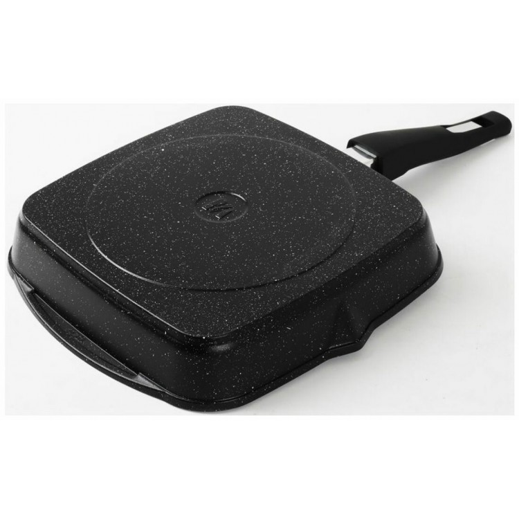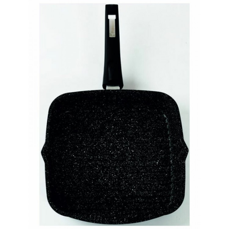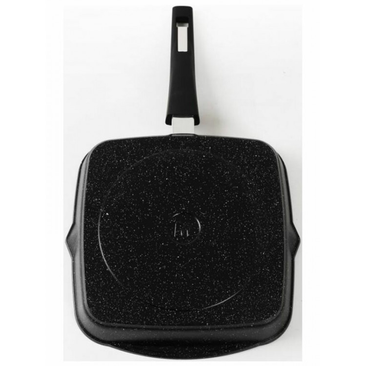 Хороша. Достаточно тяжелая. С квадратной крышечкой. Ручка съемная, технологические отверстия для выхода пара. Достаточно вместительная: 4 крупных стейка нерки помещаются комфортно. Подсолнечного масла можно не наливать, или совсем каплю капнуть. Моется хорошо обычным мягким пенным средством. Полюбила, короче ?
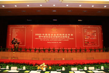 圖為日前在北京舉行的2009中國(guó)飯店業(yè)采購供應(yīng)年會(huì)會(huì)場(chǎng)。張啟欣
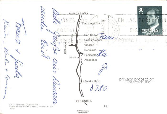 old postcard Vinaroz Fliegeraufnahme Plaza Toros postalisch gelaufen Erhaltung siehe scans [LiesaD40]
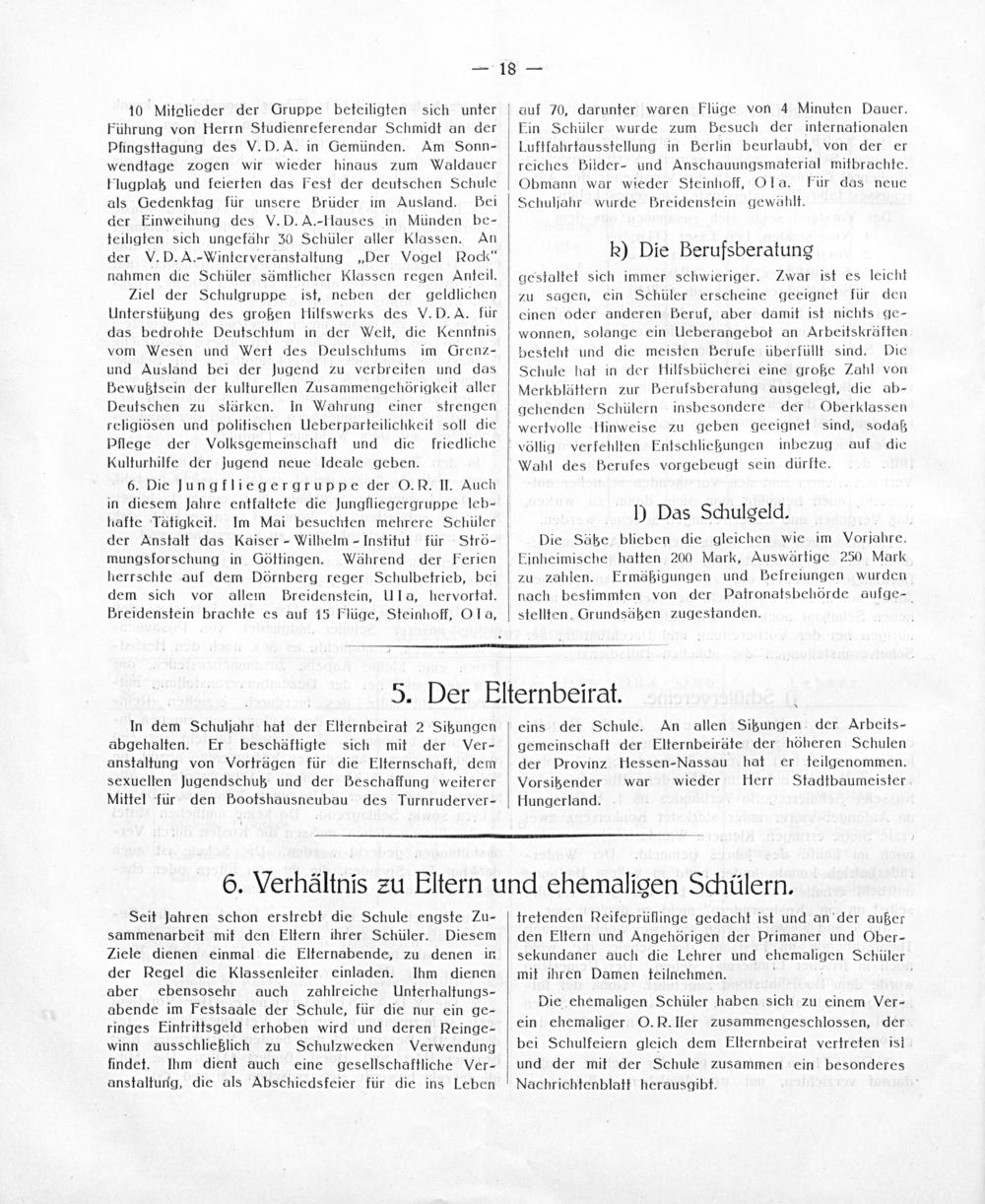eins der Schule. An allen Sizungen der Arbeits- gemeinschaft der Elternbeiräte der höheren Schulen der Provinz Hessen-Nassau hat er teilgenommen. Vorsitender war wieder Herr Stadtbaumeister.

**AIM OF THE EXERCISE:** The line with "old postcard Vinaroz" ends the range, and the first line of the data begins it; repeat exactly those lines and nothing more, omitting pictures.

**COMPLETED TASK:**
 Хороша. Достаточно тяжелая. С квадратной крышечкой. Ручка съемная, технологические отверстия для выхода пара. Достаточно вместительная: 4 крупных стейка нерки помещаются комфортно. Подсолнечного масла можно не наливать, или совсем каплю капнуть. Моется хорошо обычным мягким пенным средством. Полюбила, короче ?
 圖為日前在北京舉行的2009中國(guó)飯店業(yè)采購供應(yīng)年會(huì)會(huì)場(chǎng)。張啟欣
 old postcard Vinaroz Fliegeraufnahme Plaza Toros postalisch gelaufen Erhaltung siehe scans [LiesaD40]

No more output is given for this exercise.